» DATA IN THIS EXERCISE:
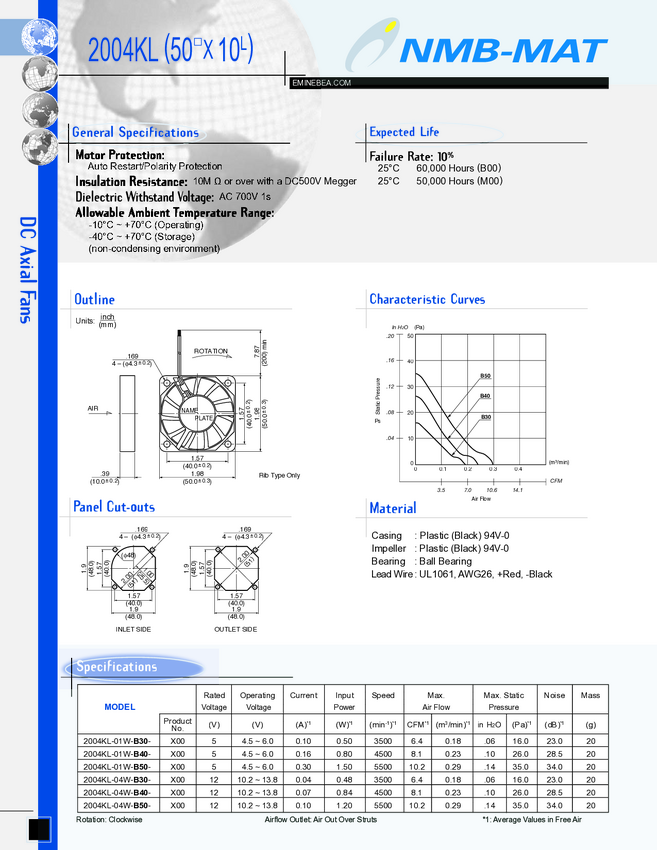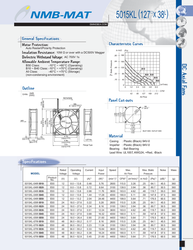 wentylator 50x50x10; 5V, łożyskowany są wersje B00 - Rotor Protection; B50- Tachometr
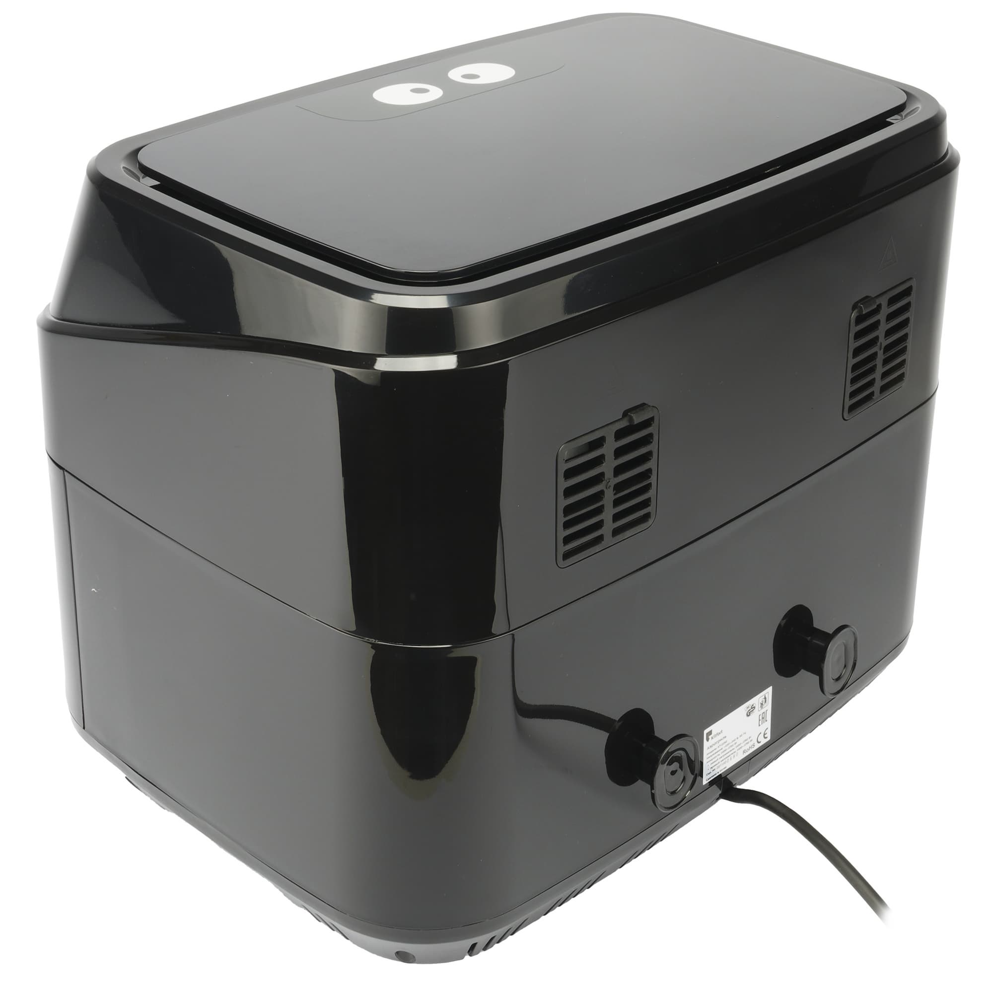 Первое, что хочется отметить в модели Kitfort КТ-2250 — это аккуратный, неброский, но стильный дизайн. Прибор достаточно большого размера, со скругленными углами и двумя крупными ручками посередине корпуса, строгий черный глянцевый пластик хорошо сочетается с серебристыми вставками, никаких рекламных наклеек, только небольшой логотип на передней поверхности и милая съемная наклейка с глазами на верхней панели.
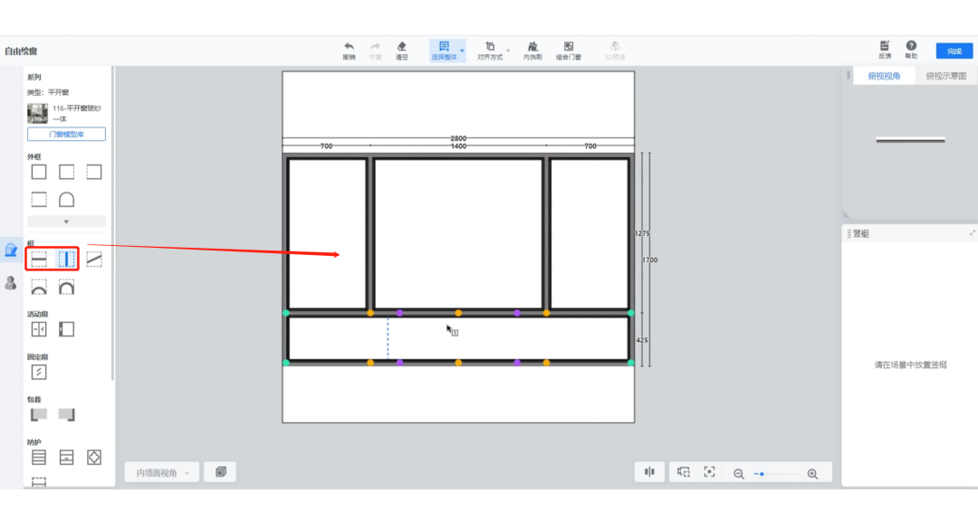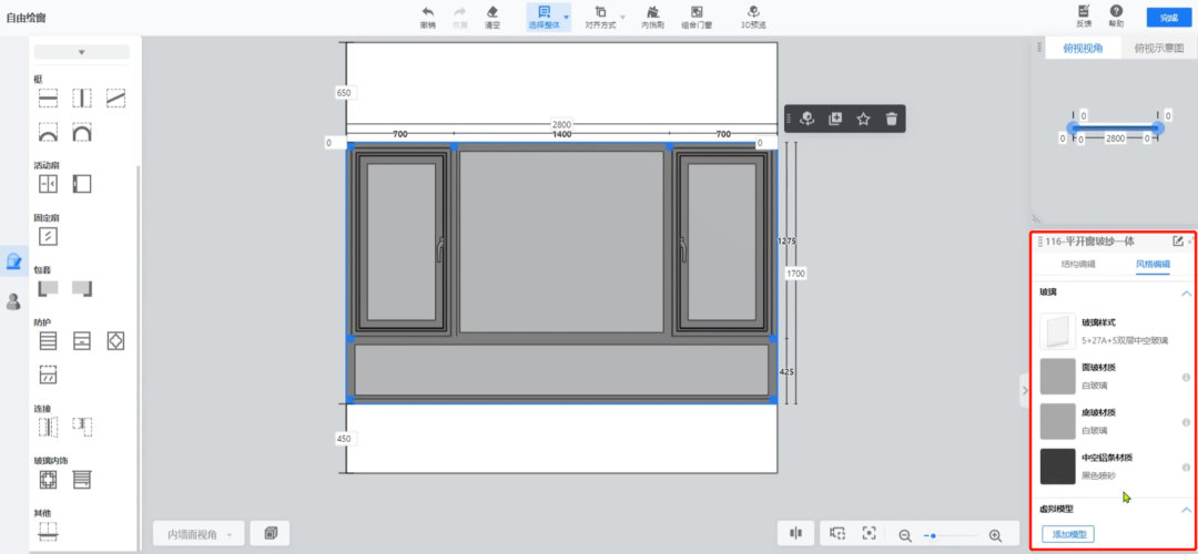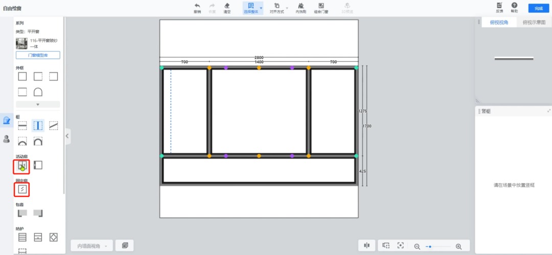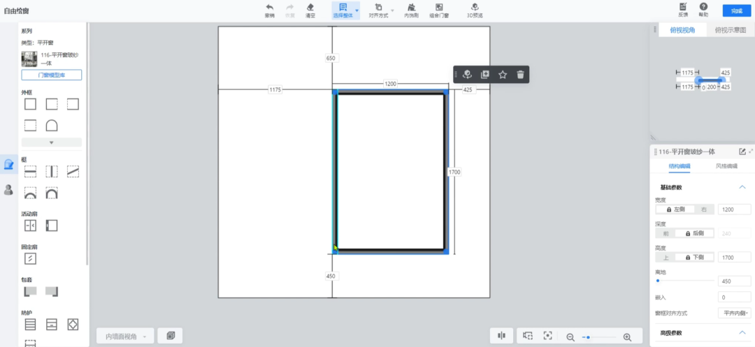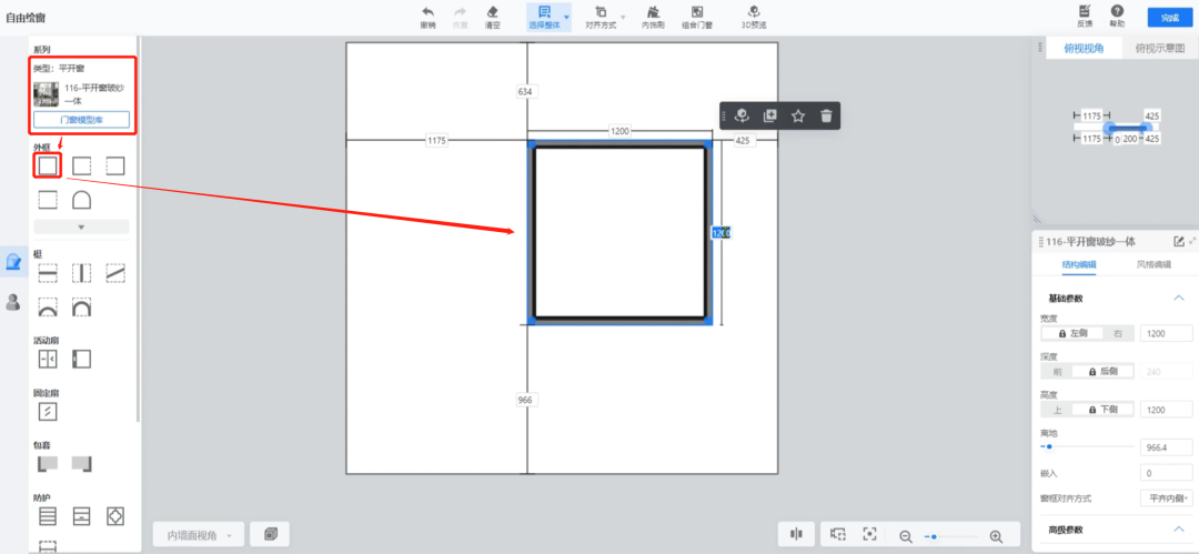 进入后,选择窗户类型,点击外框放置到画布中,并手动调整窗户的尺寸和离地高度。
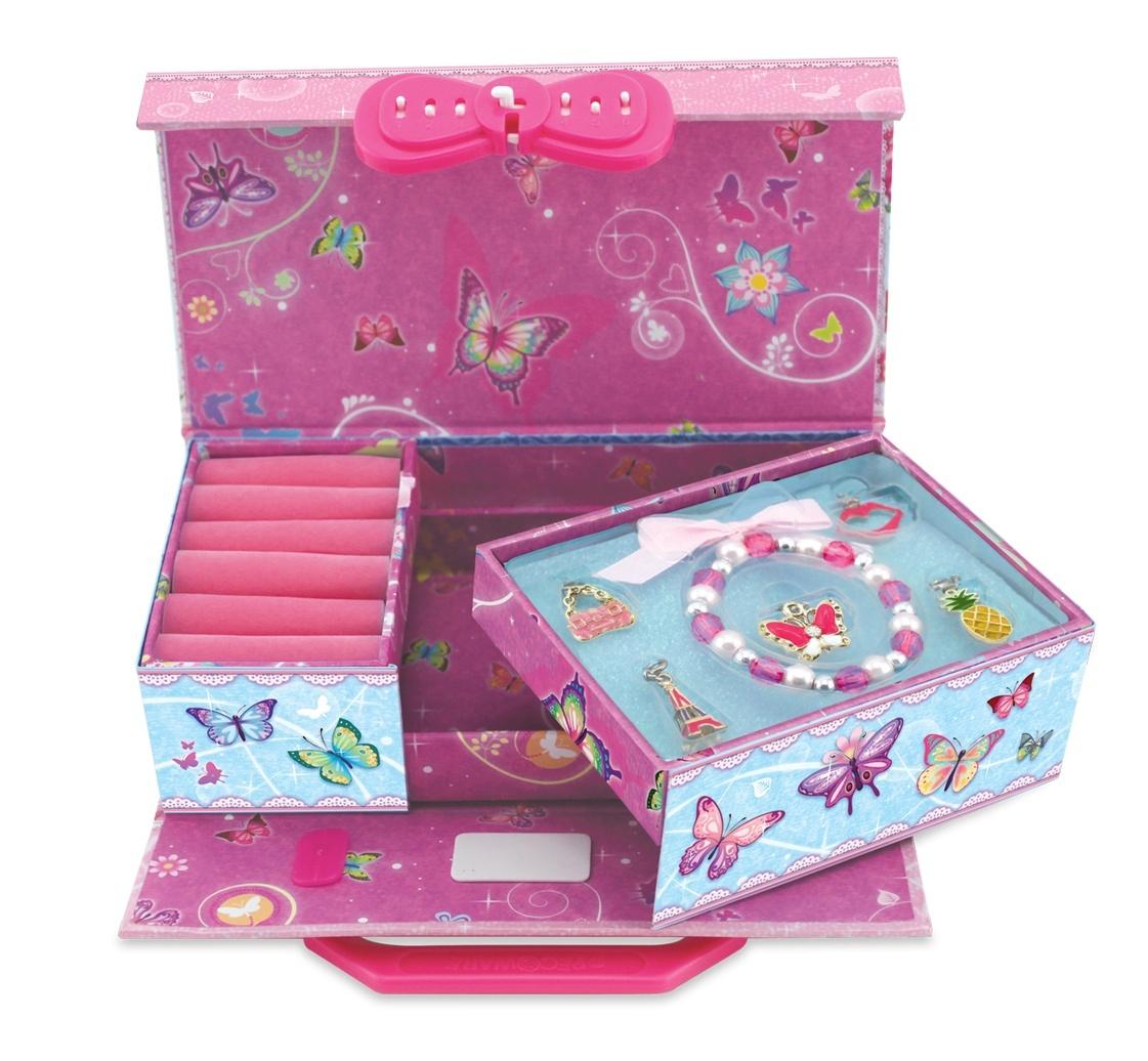 Szkatułka zamykana na zamek z szyfrem. W zestawie znajduje się bransoletkai 5 zawieszek typu ‘charms’ do dowolnego ozdabiania. Wiek: 6+
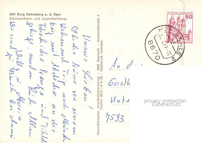 73305312 alte Postkarte Hohenberg Eger Burg Hohenberg Panorama Burgtor Stadtmauer postalisch gelaufen Erhaltung siehe scans [WerneD78] KatCode: 11110009479127
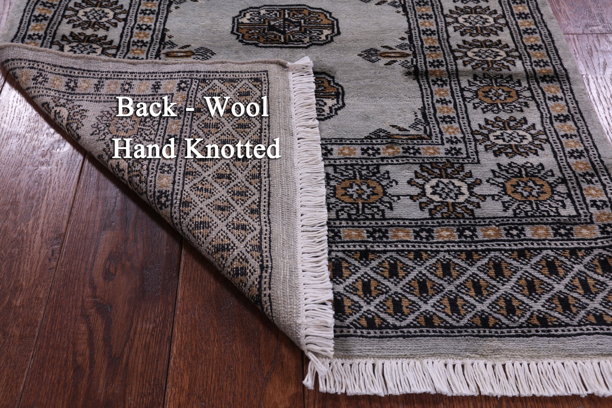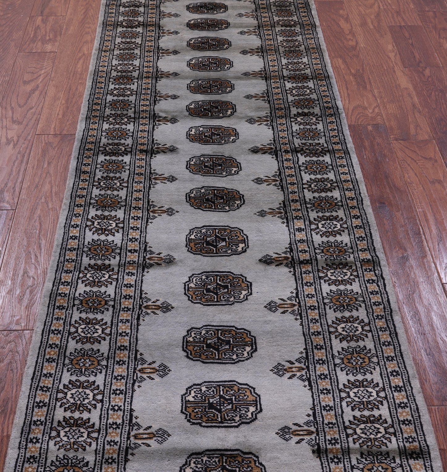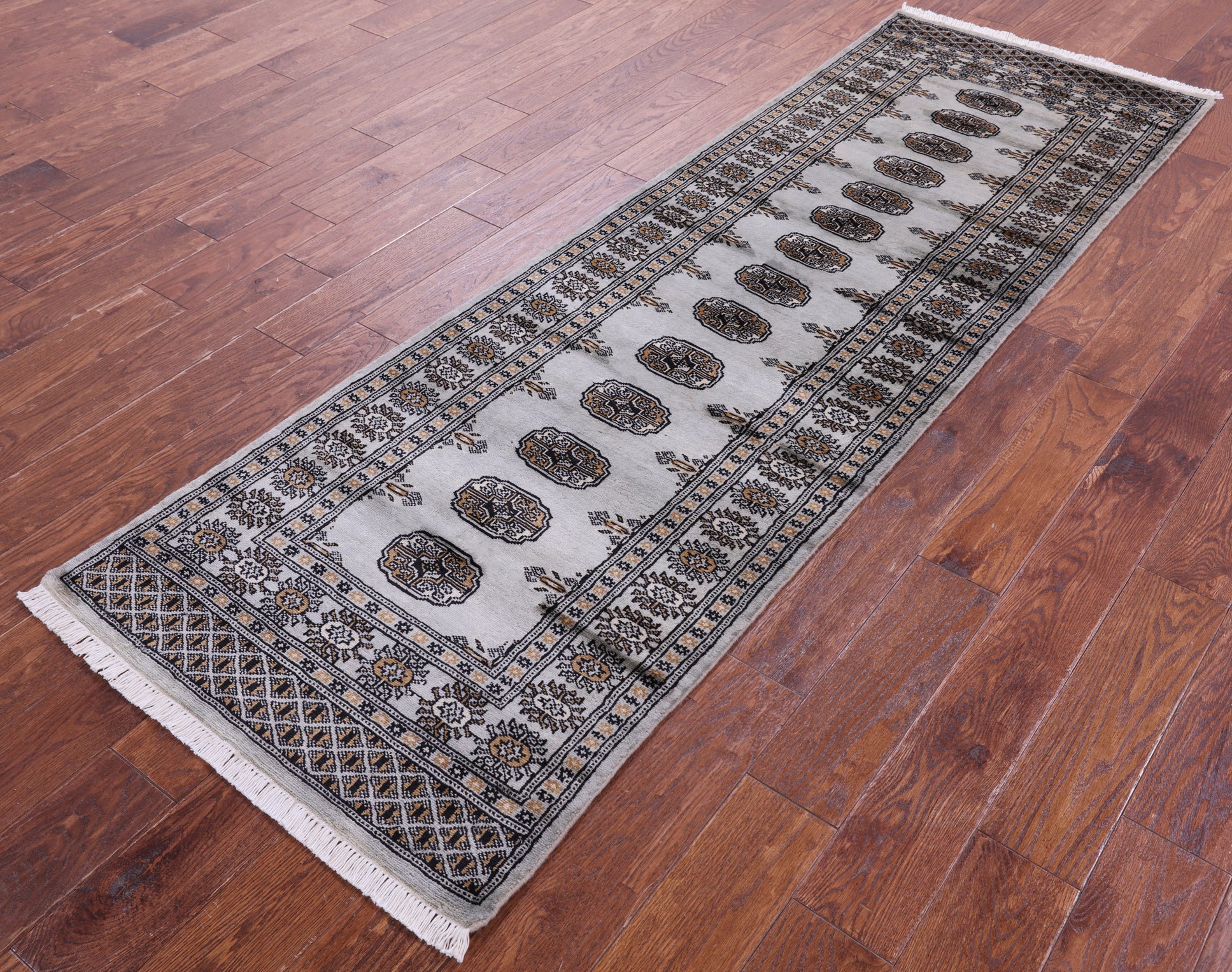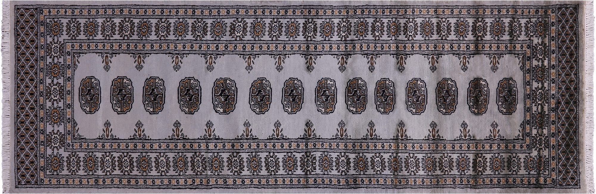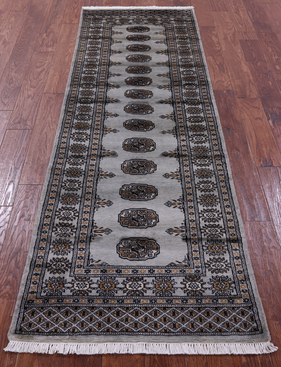 Grey 2' 7" X 8' 0" Runner Silky Bokhara Hand-Knotted Wool Rug - Q23793

» WORK ITEM: Quote the records in full and exactly; skip any image.

» RESPONSE TO THIS EXERCISE:
 wentylator 50x50x10; 5V, łożyskowany są wersje B00 - Rotor Protection; B50- Tachometr
 Первое, что хочется отметить в модели Kitfort КТ-2250 — это аккуратный, неброский, но стильный дизайн. Прибор достаточно большого размера, со скругленными углами и двумя крупными ручками посередине корпуса, строгий черный глянцевый пластик хорошо сочетается с серебристыми вставками, никаких рекламных наклеек, только небольшой логотип на передней поверхности и милая съемная наклейка с глазами на верхней панели.
 进入后,选择窗户类型,点击外框放置到画布中,并手动调整窗户的尺寸和离地高度。
 Szkatułka zamykana na zamek z szyfrem. W zestawie znajduje się bransoletkai 5 zawieszek typu ‘charms’ do dowolnego ozdabiania. Wiek: 6+
 73305312 alte Postkarte Hohenberg Eger Burg Hohenberg Panorama Burgtor Stadtmauer postalisch gelaufen Erhaltung siehe scans [WerneD78] KatCode: 11110009479127
 Grey 2' 7" X 8' 0" Runner Silky Bokhara Hand-Knotted Wool Rug - Q23793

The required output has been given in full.